ATDTDA (5.4) - Bad Ice After Midnight

Monte Davis monte.davis at bms.com
Tue Mar 27 09:34:40 CDT 2007


Carvill John wrote:

>   There's a lot of talk about space, time, dimensions, etc. I wish I 
> understood more of it. I wish some scientifically minded p-lister 
> would contribute some kind of ATD Math Overview. Monte?

Nowhere near enough time or focus for an overview, but a few notes 
specifically on the Transnoctial  Discussion Group:

"with oceangoing ships we left flat surfaces and went into Riemann space..."

Pure flimflam. We associate the longitude problem,  great-circle routes, 
etc. with oceangoing ships because of contingencies of the history of 
European exploration, but that's all perfectly manageable with good old 
geometry and trigonometry in good old Euclidean/Cartesian 3-space. 
There's nothing inherently more "Riemannian" about sailing from Ostend 
to Singapore than about walking.

"...Planet Earth."
"Which not so long ago was believed to be a plane surface."
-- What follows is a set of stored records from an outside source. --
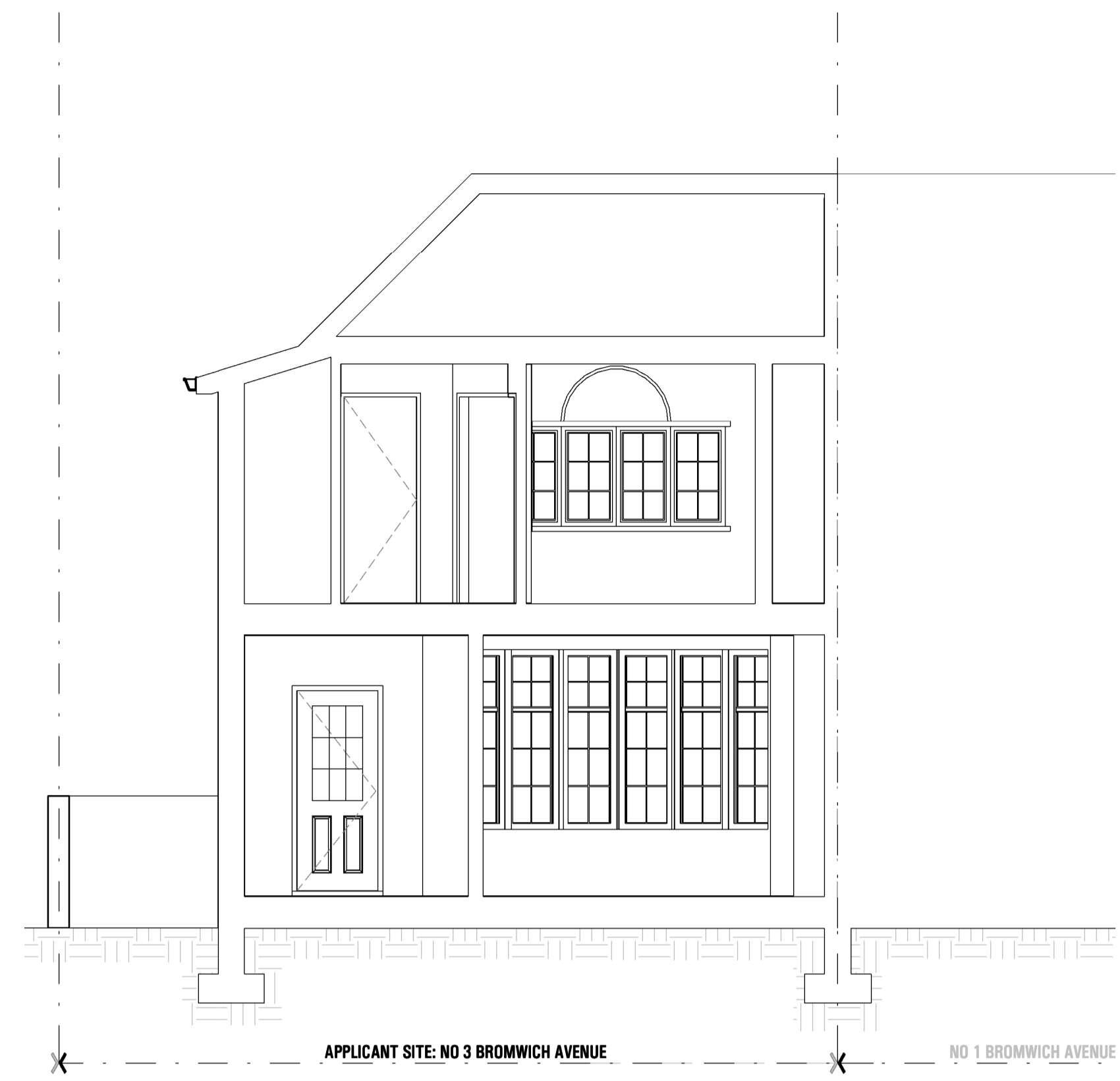
01. SECTION A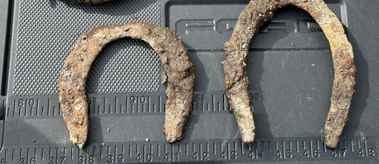
HORSESHOES FOUND DURING EXCAVATION FOR THE BULLION PATHWAY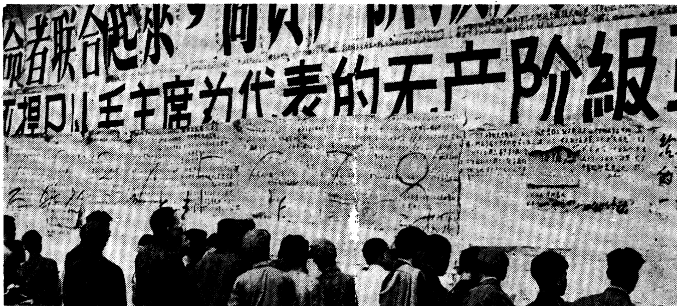
PEKING WORKERS READ RED GUARD WALL POSTERS DENOUNCING RESTORATIONISTS.

It is not clear to what extent this opposition consciously holds Liebermanist views on competition within the economy, material incentives, etc. It does seem quite likely that these views are widespread within the opposition. In any event the factor which has given cohesion in this opposition is -- the Red Guards. It is the revolutionary initiative of the youth which has frightened the conservative administrative bureaucracy of the CCP and of the Chinese state, which has panicked it into an open opposition and struggle unparalleled in the whole history of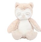
MM060 Print Me Page 7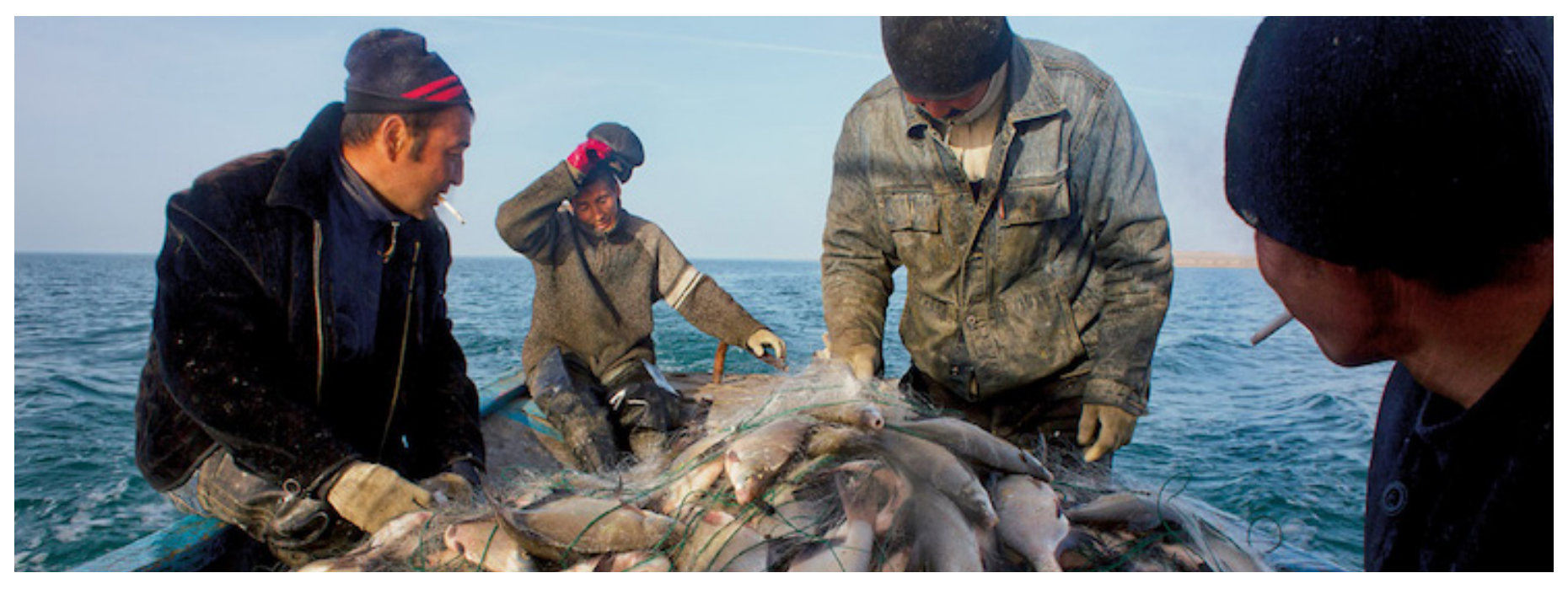
Photo: Working from dusk until dawn, fishermen from around the town of Aral in Kazakhstan haul in a catch from the North Aral Sea, where the water level has risen and salinity has decreased – in stark contrast to the larger South Aral Sea, which has gone nearly dry.

NEW YORK (IDN) - The zone of destruction created as a consequence of what has been called "one of the planet's worst environmental disasters" has long crossed the frontiers of Central Asia, demanding urgent measures from the international community.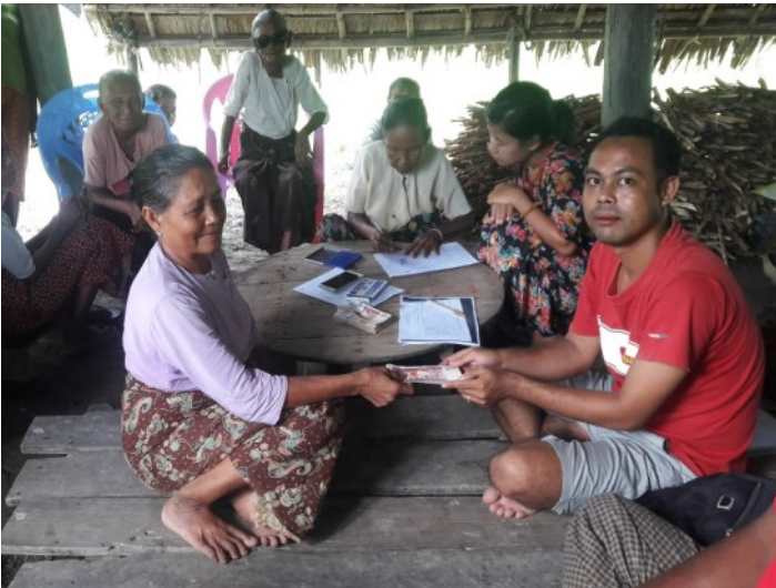
CASH FOR FOOD DISTRIBUTION: To vulnerable beneficiary in Kan Pyin Village.

IOM is also co-chairing the DRR Working Group in Rakhine together with the Department of Disaster Management to maximise coordination between government agencies and national and international organisations implementing Disaster Risk Reduction (DRR) projects in Rakhine State.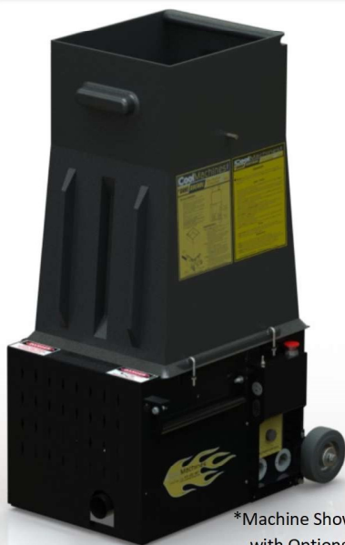
*Machine Shown with Options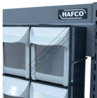
46 x Bins, Small, Medium, Large & Extra Large Sizes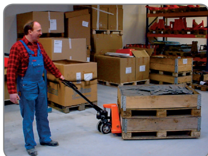
The ETT pallet truck transports components between work stations in the component industry.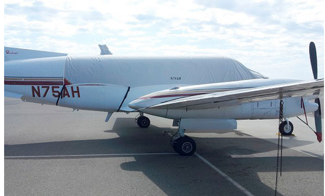
King Air 350 Canopy Cover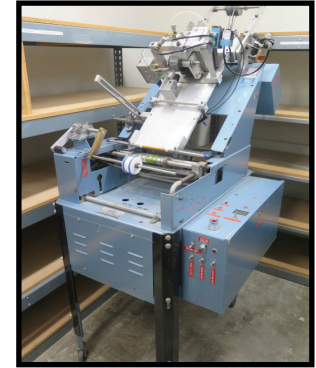
Labelette mdl. SPS Label Imprinter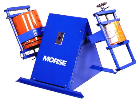
Model 2-305-1 shown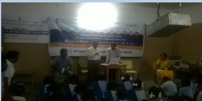
QUIZ @ KORKADU HR. SEC. SCHOOL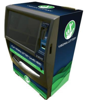
Lottery Vending Machine (20)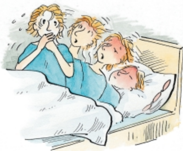
■ wakes up one to two hours after falling asleep, with strong fright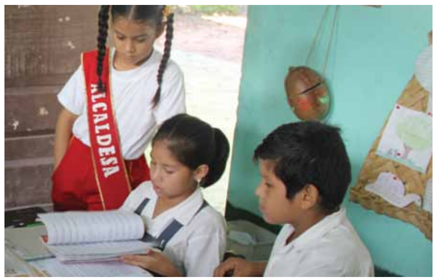
Student government president working with classmates in an Active School in Peru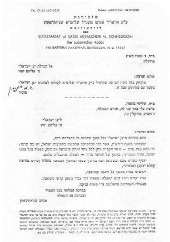
THE REBBE'S MESSAGE TO CHILDREN ATTENDING GAN YISROEL CAMPS, 3 TAMMUZ 5750.

The distribution lasted about an hour and a half, throughout which the Rebbe was in excellent spirits, smiling at many who passed—especially women and children. At the end, the Rebbe placed three copies into his siddur and began exiting the shul. At the exit, a few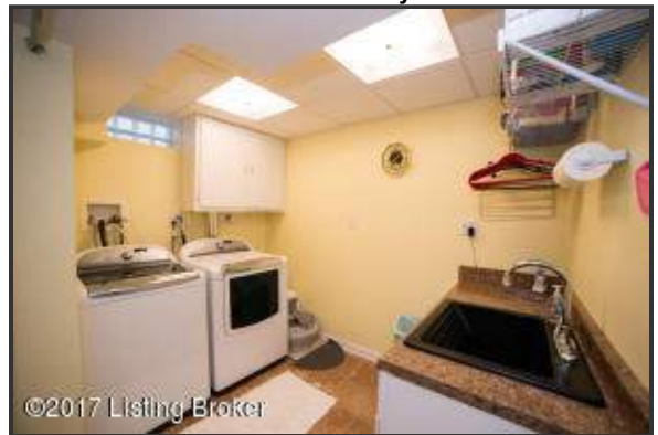
Large Laundry Room space is equipped with washer and dryer hook ups, utility sink and shelving for hanging items and storage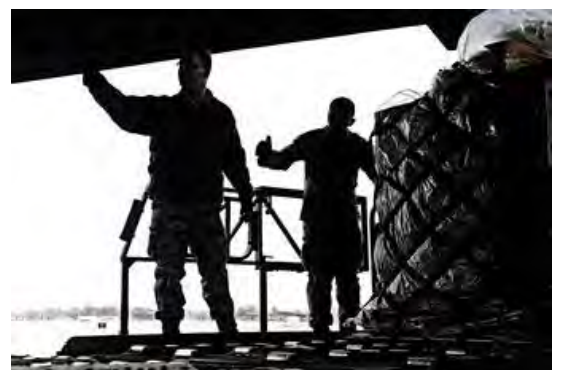
Airmen from the 375th Logistics Readiness Squadron give loadmasters the 'all clear' to move the final pallet onto a C-17 Globemaster III Feb. 7, 2011, at Scott Air Force Base, Ill.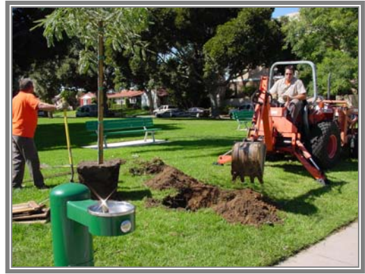
City of Torrance Streetscape staff digging hole for new tree.

For any comments or questions, contact the City of Torrance Redevelopment Agency Staff at 310.618.5990.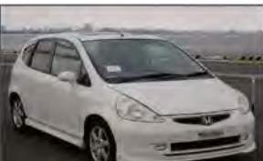
Ref.26733 PRICE: $2,435 HONDA FIT Year 2002 AT 1,330cc PETROL Mileage 106,000km Color Pearl

*Price Include Car Cost & Freight up to Pohnpei, Yap, Kosrae or Chuuk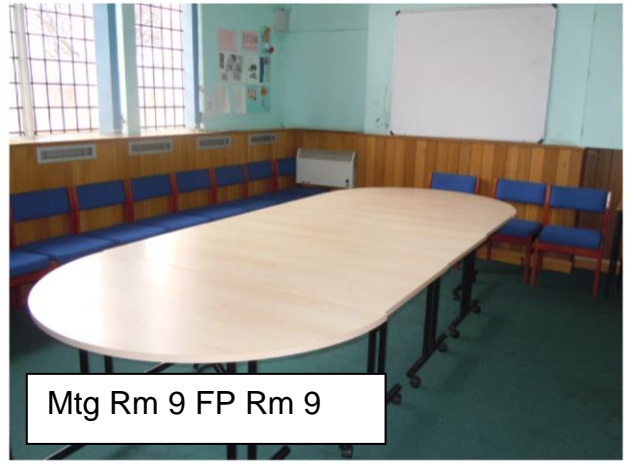
Mtg Rm 9 FP Rm 9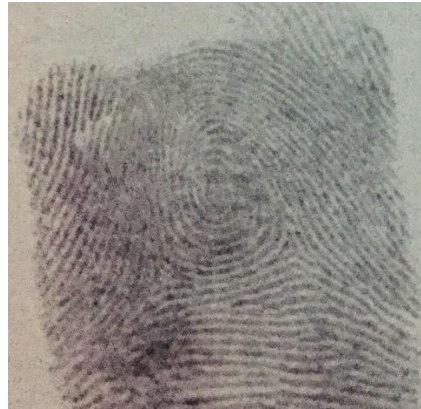
5. Central whorl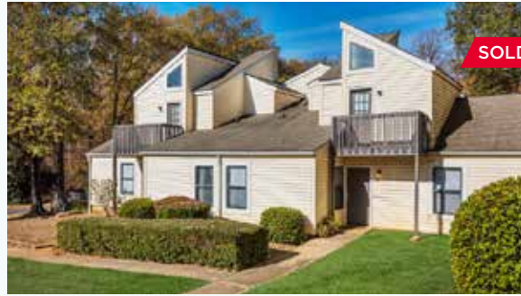
Flats at Arrowood Charlotte, North Carolina 301 Units // Built 1974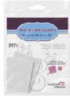
Scrapbook Adhesives THIN 3D 217 WHITE...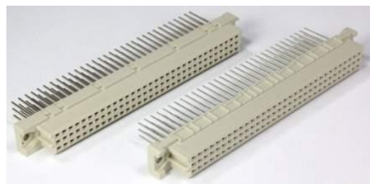
Old style solder New style solder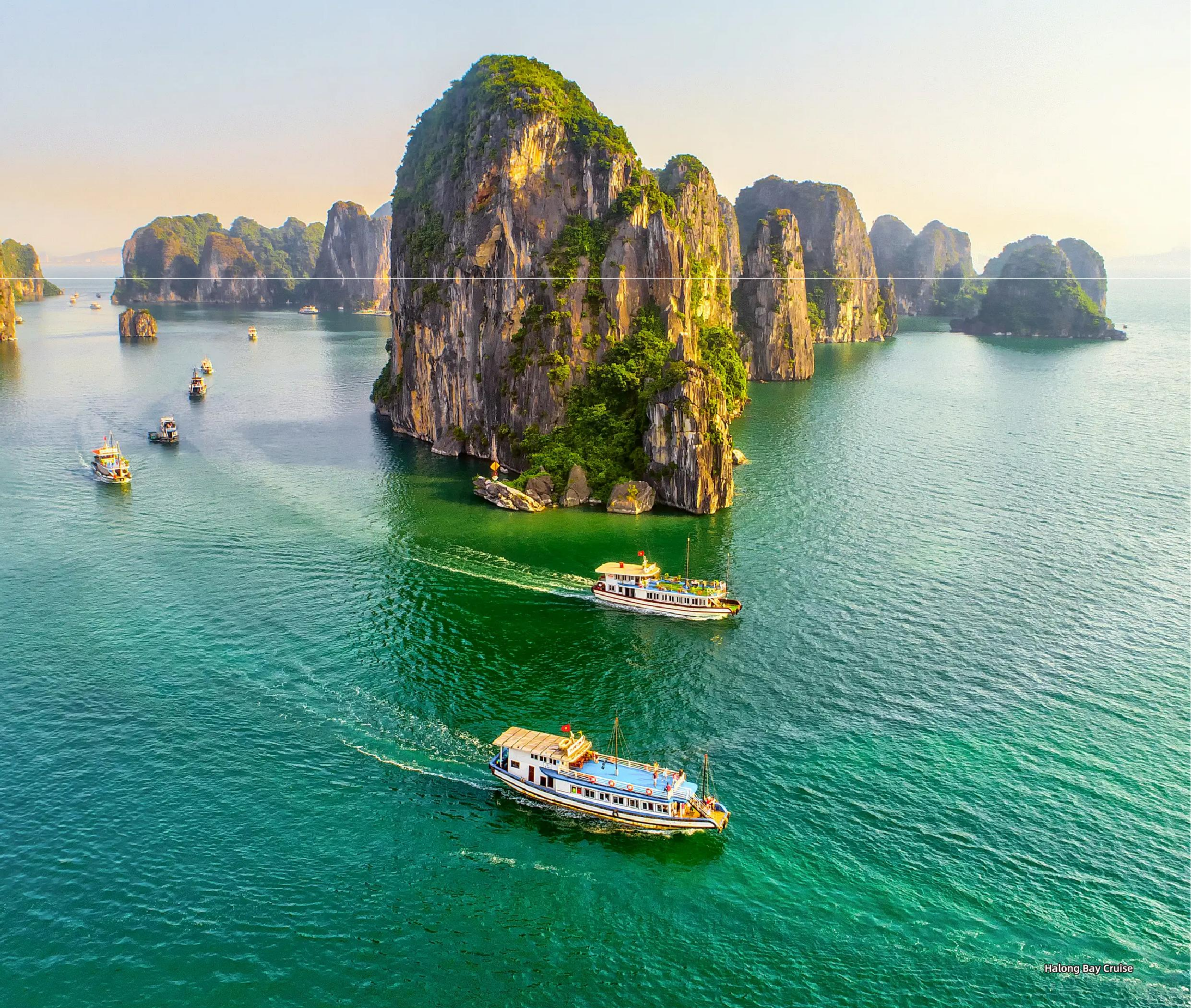
Halong Bay Cruise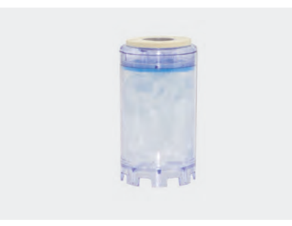
Water softener. Polyphosphate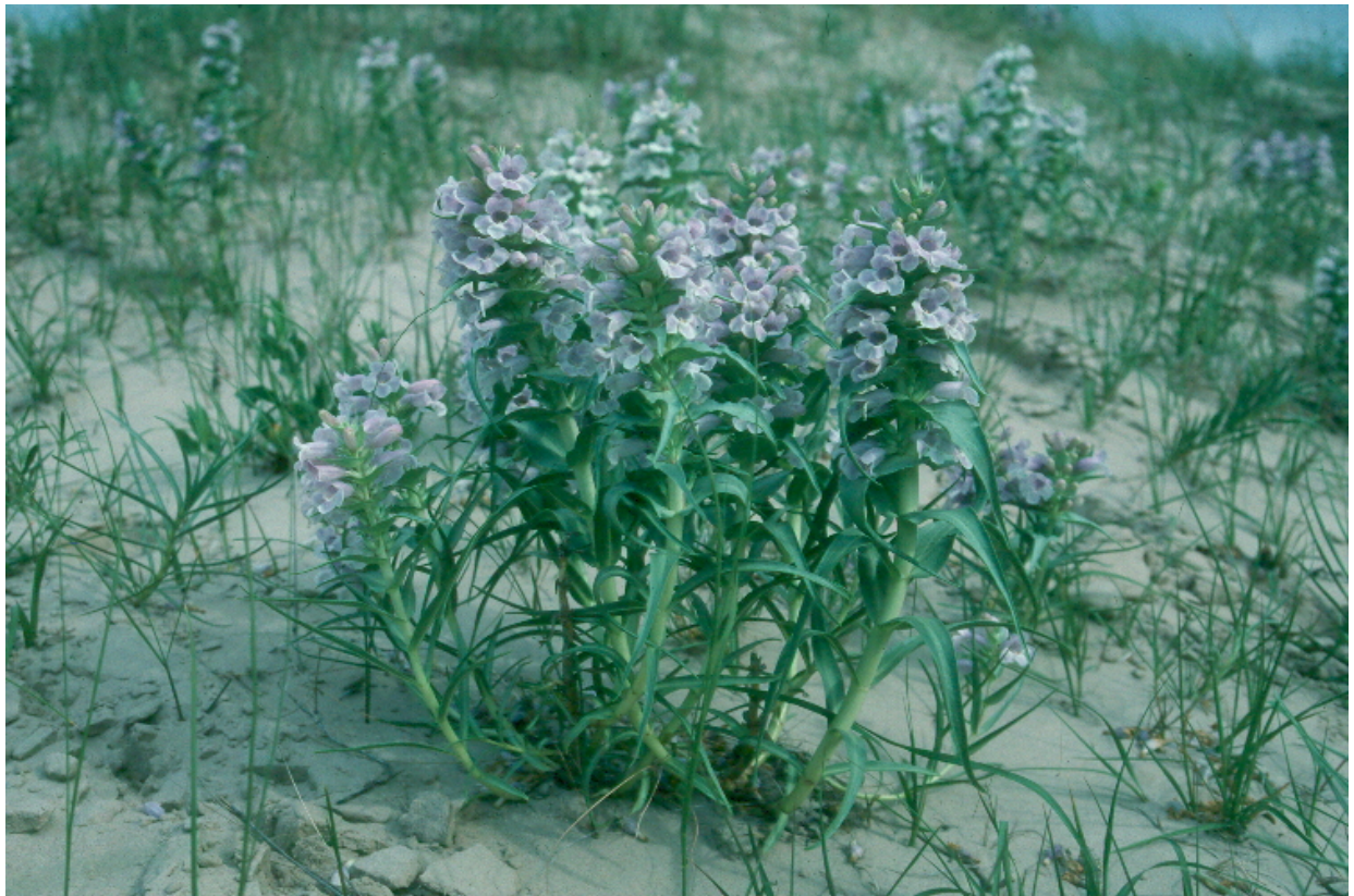
Figure 1. Blowout penstemon ( Penstemon haydenii S. Wats.)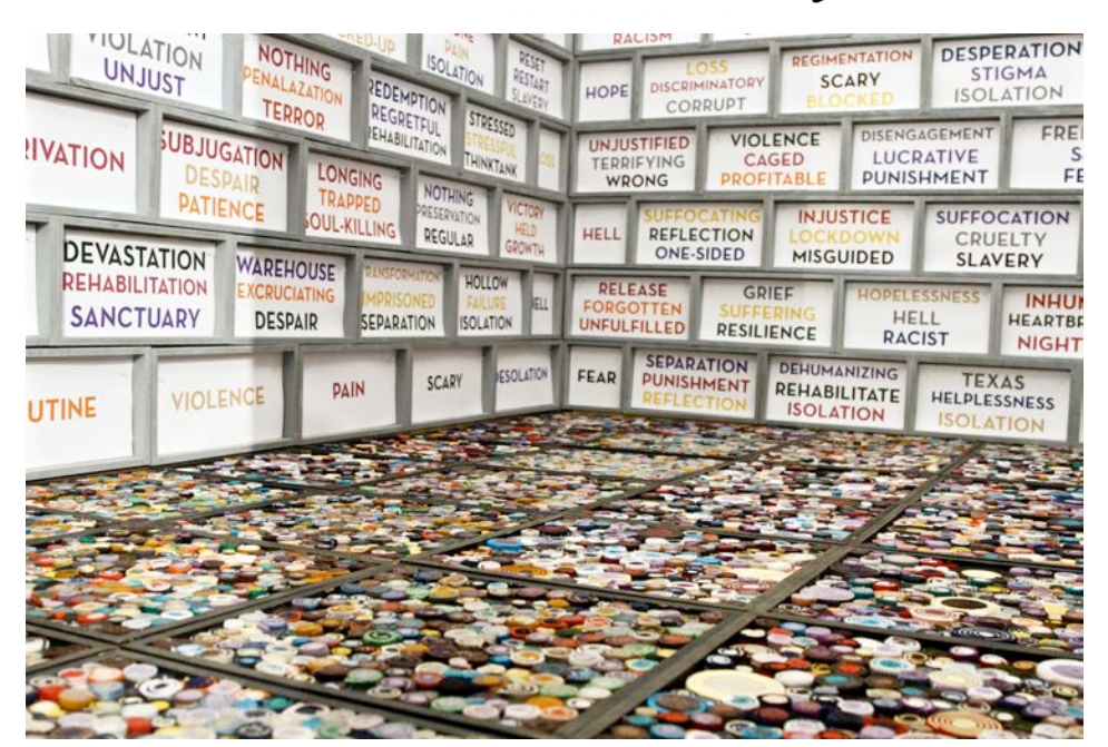
Detail from Jail Cell, featuring inmates' responses to the question: What one word describes incarceration for you?

The Ladds launched their Scrollathon initiative in 2006, originally inspired by their own lack of exposure to the arts growing up. They offered the program in schools first and have since expanded to work with shelters, hospitals, youth missions, and jails, serving over 9000 people throughout the US and abroad to date. Their aim is to reach, as they explain, "underserved, at-risk, and incarcerated populations who have little or no exposure to the arts, giving them creative tools for building skills and sharing their experiences through artistic interventions... engaging people from all walks of life to create museum-quality works of art." The brothers work with museum and institutional partners and have received funding from the likes of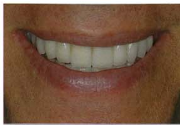
Figure 15 Smile view of the final result.

Historical mythology, of course. Wikipedia notwithstanding, Washinton 
Irving didn't invent the meme that Columbus had proved the world round, 
but his 1828 biography did cement it in Anglophone pop culture-- and 
provides a superb example of "how good it feels to condescend to our 
benighted ancestors, even if we have to misrepresent them to do so."  It 
shouldn't need to be said, but  the sphericity of the earth  had been 
conventional wisdom (among the small educated fraction who thought about 
such things at all) at least since Hellenistic times. Columbus' 
challenge to late-15th-century conventional wisdom was to argue that the 
earth was ~15,000 miles in circumference rather than (as most 
authorities correctly believed) ~25,000 miles, so that a then-feasible 
westward voyage from the Azores could reach China.

P knows all this, of course, and I have to think this is a blatant flag 
that we're in Weird Science territory.

"Time moves on but one axis," advised Dr. Blope, "past to future..."
[Dr. Rao] "... the possibility of linear time becoming circular, and so 
achieving eternal return as simply, or should I say complexly, as that."

There are libraries' worth of reflections on linear and cyclical time, 
but what strikes me here is the smooth, almost automatic assimilation of 
"time as a dimension"  to the *spatial* sense of "dimension" as 
"something you can, in principle, move freely in." All I'm gonna say for 
now is that *nothing in the science or mathematics of the AtD years 
supports that in any way* -- to the contrary, in fact. The reasoning 
from Maxwell through Einstein that showed an unsuspected relationship 
between space and time also *constrained* that relationship in very 
specific ways. To put it bluntly, after Einstein time was even *less* 
"just another" dimension like the conventional three than it had been 
before, and backwards "travel in time" made even less sense than it had 
before. The games P plays with that in AtD are addressed to the human 
yearning to turn back the clock, and/or to have our cake in one 
chronology nd eat it in another -- and *not* citations of any putative 
scientific authority for doing so.

With all due respect to the timeless wisdom of the East, I don't think 
it's accidental that Dr. Rao is a compatriot of the Dr. Chandrasekhar 
who assured the Cleveland Aetherists on p. 63 that the negative result 
of the Michelson-Morley experiment proved the same thing that a positive 
result would have proved.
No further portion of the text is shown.